Row of books from Merton College Library. By Tom Murphy VII (Own work) [GFDL, CC-BY-SA-3.0 or CC BY-SA 2.0], via Wikimedia Commons

No, not volumes containing tales of mystery, but those which present a mystery (or a headache, depending on the time of day) for yours truly when cataloguing in historic houses. These books are usually incomplete and rather worn out over time. It’s not so bad if the title page is still present, but it becomes trickier in the absence of one. Even more so when, once the book is roughly identified, it turns out there is more than one edition listed on the union catalogue! The other problem might be that I don’t always have access to the large online databases for eighteenth-century and earlier English language books. IMG_0769

Like a detective, the intrepid bookcataloguer needs to search for clues to help identify the item in hand. Sometimes it is a relatively straightforward process of deduction; at other times, it is simply impossible to figure out what the book is.
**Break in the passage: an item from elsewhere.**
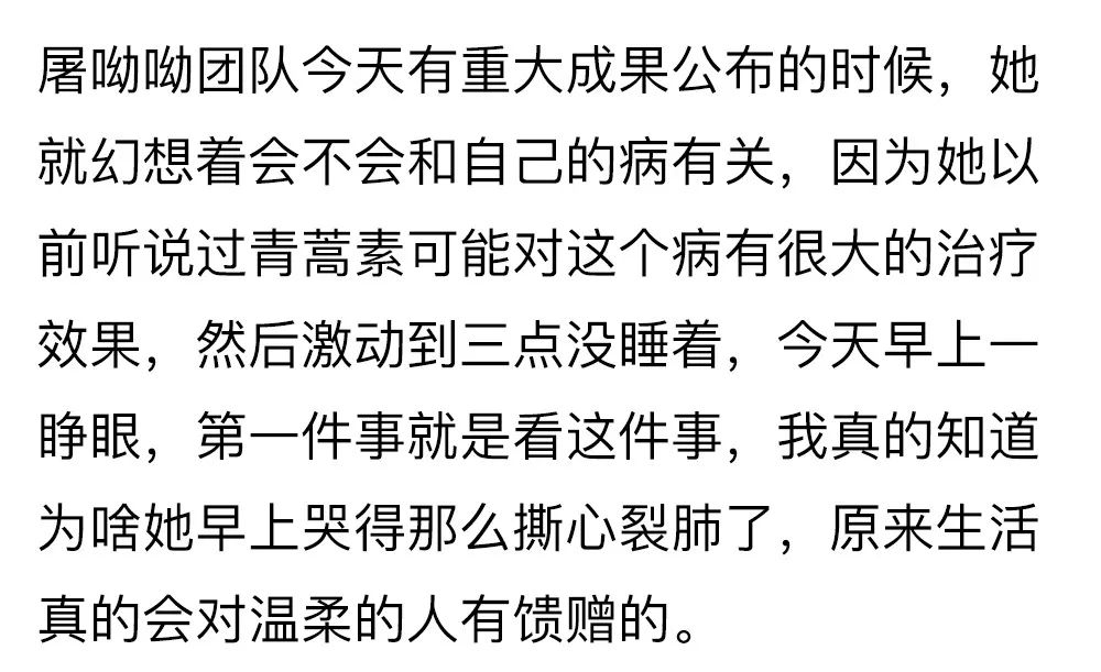 今天屠呦呦团队的新进展,不仅仅是一项研究成果,也不仅仅是为了奖项去做的努力,对于很多人来说,那是他们的生命和希望。

For example, here is one that I found recently at Erddig. The book lacks a title page and doesn’t for the most part have page numbering. It clearly is a Greek-Latin dictionary and my instinct was that it is eighteenth century. The absence of page numbers for the majority of the book (there was a section at the end which did have numbering) meant that I had to look at the signatures at the bottom of the leaves. The first one I found was D1 – clearly, the book didn’t just miss its title page, but also most of the first three gatherings.

In the handpress period (i.e. before ca. 1820), pages were set on large sheets of paper which were folded after printing. Depending on the number of folds, the leaves would be marked up with a signature (A1, A2, A3, etc.) at the bottom of the right side of the leaf (recto). After folding, the leaves would then be gathered and bound (hence, gatherings).

The next thing I looked for was any additional information in the book itself. This is where any marginal or intertextual scribbles become very useful indeed!

In this case, it was clearly heavily used, probably in a school context. There were plenty of doodles and annotations to suggest that the dictionary had been used by a young person of school age. On leaf 3F3 I found the inscription ‘Brownlow Yorke’, born in 1777, and a son of Philip I Yorke and Elizabeth Cust. Brownlow died in 1803. That gave me a rough idea of the age of the book.

Turning to the ESTC (English Short Title Catalogue), which lists all books printed before 1800 in England and in English, it was time to try finding other copies of the same work so that my own catalogue entry could be completed. This is where it got tricky. Although I managed to track down the most likely candidate for this mystery volume (Cornelis Schrevel’s Lexicon manuale græco-latinum & latino-græcum, a standard dictionary), it turned out to have been published in four different editions in the late 1780s and 1790s. My hunch is that it might be fifteenth edition published in 1791, which would make it an appropriate item for a 14-year-old boy learning his classics, but without being able to compare it with other copies (digitised versions are available, but only via subscription), I cannot be definitive.